数据集:
NTU-NLP-sg/xCodeEval
We introduce xCodeEval , the largest executable multilingual multitask benchmark to date consisting of 25 M document-level coding examples from about 7.5 K unique problems covering up to 17 programming languages with execution-level parallelism. It features a total of seven tasks involving code understanding, generation, translation and retrieval, and it employs an execution-based evaluation. We develop a test-case based multilingual code execution engine, ExecEval that supports all the programming languages in xCodeEval . We also propose a novel data splitting and a data selection schema for balancing data distributions over multiple attributes based on geometric mean and graph-theoretic principle.
This repository contains the sample code and data link for xCodeEval paper .
Currently this repository supports huggingface load_dataset() api. Follow the following example to load dataset for individual examples.
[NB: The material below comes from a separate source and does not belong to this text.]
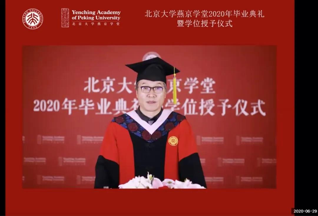 After Dr. Haas’s speech, Vice President Wang Bo began his video message by noting that Yenching Scholars helped Peking University become a more open and diverse community. When facing this worldwide epidemic, he urged young scholars from all over the globe to make a greater effort to address the fear and distrust that characterizes current global affairs through cultural exchange. He then shared his three hopes for graduates; first, to equip themselves with knowledge to keep apace with the times; second, to remain true to themselves and speak honestly and assume responsibility even when things are hard; and third, to be compassionate and kind, because these are the qualities that will help them to go a long way. He also urged graduates to become better people, care about the world around themselves and beyond, and give back to society.

import datasets prog_synthesis_dataset = datasets.load_dataset("NTU-NLP-sg/xCodeEval", "program_synthesis") code_translation_dataset = datasets.load_dataset("NTU-NLP-sg/xCodeEval", "code_translation") tag_classification_dataset = datasets.load_dataset("NTU-NLP-sg/xCodeEval", "tag_classification") apr_dataset = datasets.load_dataset("NTU-NLP-sg/xCodeEval", "apr") pcode_compilation_dataset = datasets.load_dataset("NTU-NLP-sg/xCodeEval", "code_compilation") retrieval_code_code_dataset = datasets.load_dataset("NTU-NLP-sg/xCodeEval", "retrieval_code_code") retrieval_nl_code_dataset = datasets.load_dataset("NTU-NLP-sg/xCodeEval", "retrieval_nl_code") retrieval_corpus_dataset = datasets.load_dataset("NTU-NLP-sg/xCodeEval", "retrieval_corpus")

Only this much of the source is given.